Она покачала головой.
— Нет, он в нее влюблен.
— Надо признать, что она исключительно привлекательная девушка, — сказал я. — И мы с вами знаем, как восприимчив Эмис к красоте. Но мы знаем также, что Эмис любит только одного человека: вас. У него бывают увлечения, но недолгие, и они не влияют на его чувства к вам.
— Да, но на этот раз мне страшно, Мерри, — сказала она. — Девушка очень молода и принимает все всерьез. Я боюсь.
— То, что она молода, — сказал я, — и то, что она принимает жизнь всерьез, как вы говорите, как раз и явится для нее защитой. Ведь Эмис не очень церемонится с женщинами; с молоденькой девушкой все будет иначе.
— Именно этого я и боюсь, — сказала она. — Боюсь, что все будет иначе. — Она невесело засмеялась. — Должно быть, я очень примитивна, Мерри, но мне хочется попросту выгнать ее метлой.
Я стал ее успокаивать, говорил, что девочка просто восхищается талантом Эмиса и никакого романа между ними нет. Каролина сказала тихо:
— Какой вы славный, Мерри, — и стала говорить что-то про свой сад.
Вскоре Эльза уехала в Лондон. Эмис также отсутствовал несколько недель, и я забыл о своем разговоре с Каролиной. И вдруг я узнаю, что Эльза снова приехала в Олдербери и Эмис торопится закончить ее портрет. Сначала это известие сильно меня встревожило, но так как Каролина казалась спокойной, то я решил, что все уладилось. Поэтому не удивительно, что я был поражен, когда узнал о предполагаемых переменах в Олдербери.

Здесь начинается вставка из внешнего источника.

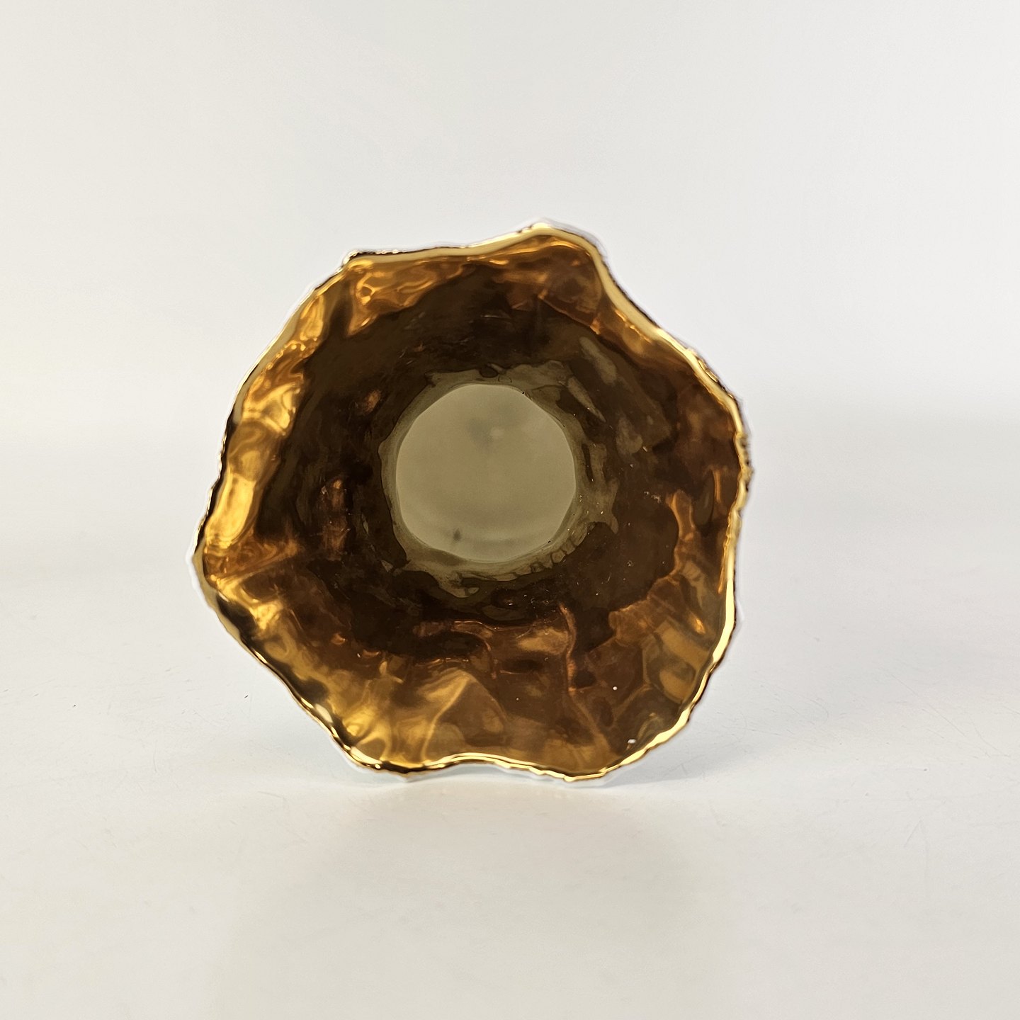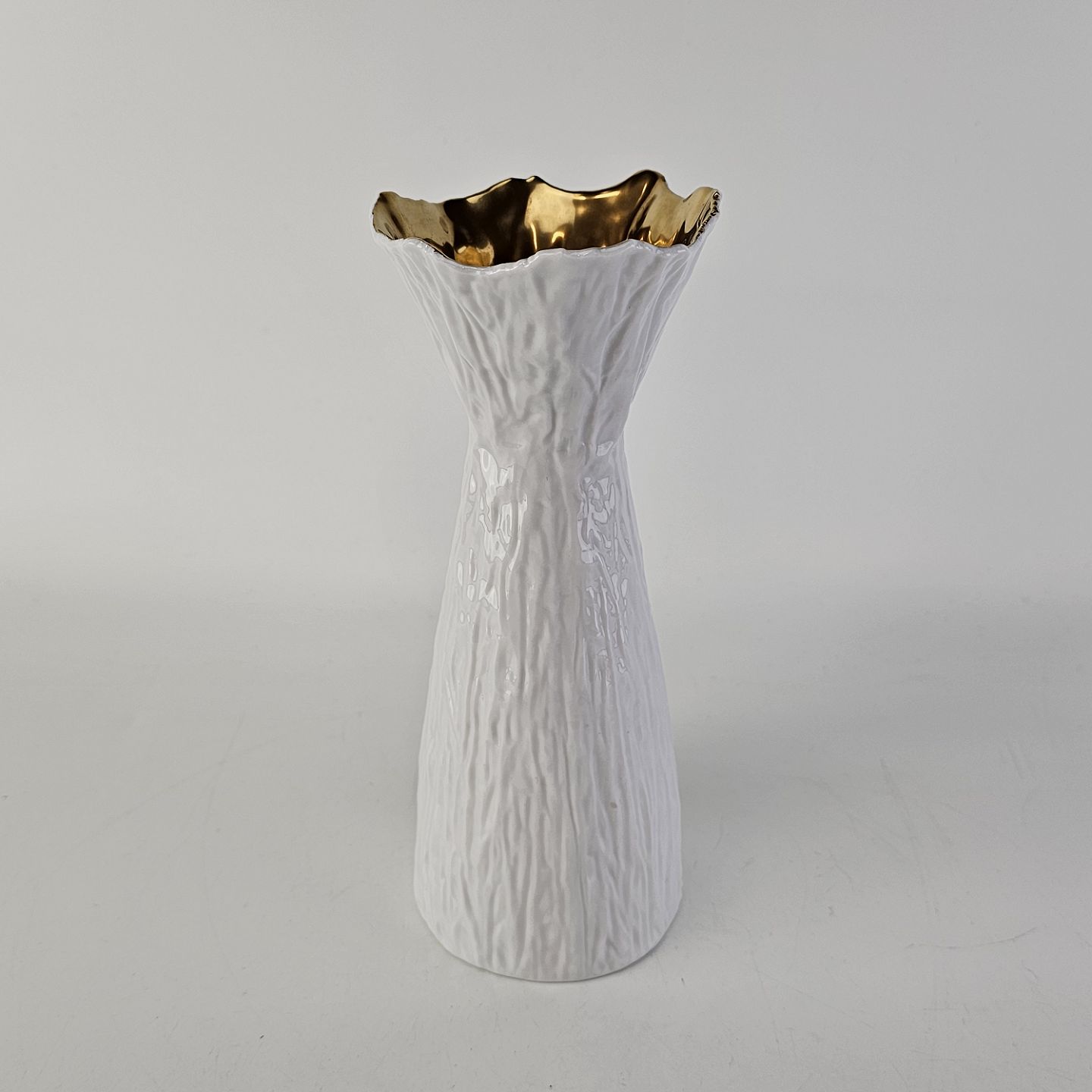 Hyacint vase i hvid keramik som er guldbelagt på indersiden i toppenFormgiver Violise Lunn

Мой разговор с Эмисом и Эльзой я передал вам раньше. Поговорить с Каролиной мне не удалось — мы только обменялись несколькими словами, о которых я вам также сообщил. Как сейчас, вижу ее милое лицо, ее большие темные глаза. Как сейчас, слышу глубокую печаль в ее голосе, когда она сказала: «Все кончено». Это была правда: жизнь без Эмиса не имела для нее никакой цены. И вот как раз тогда она и взяла у меня кониин.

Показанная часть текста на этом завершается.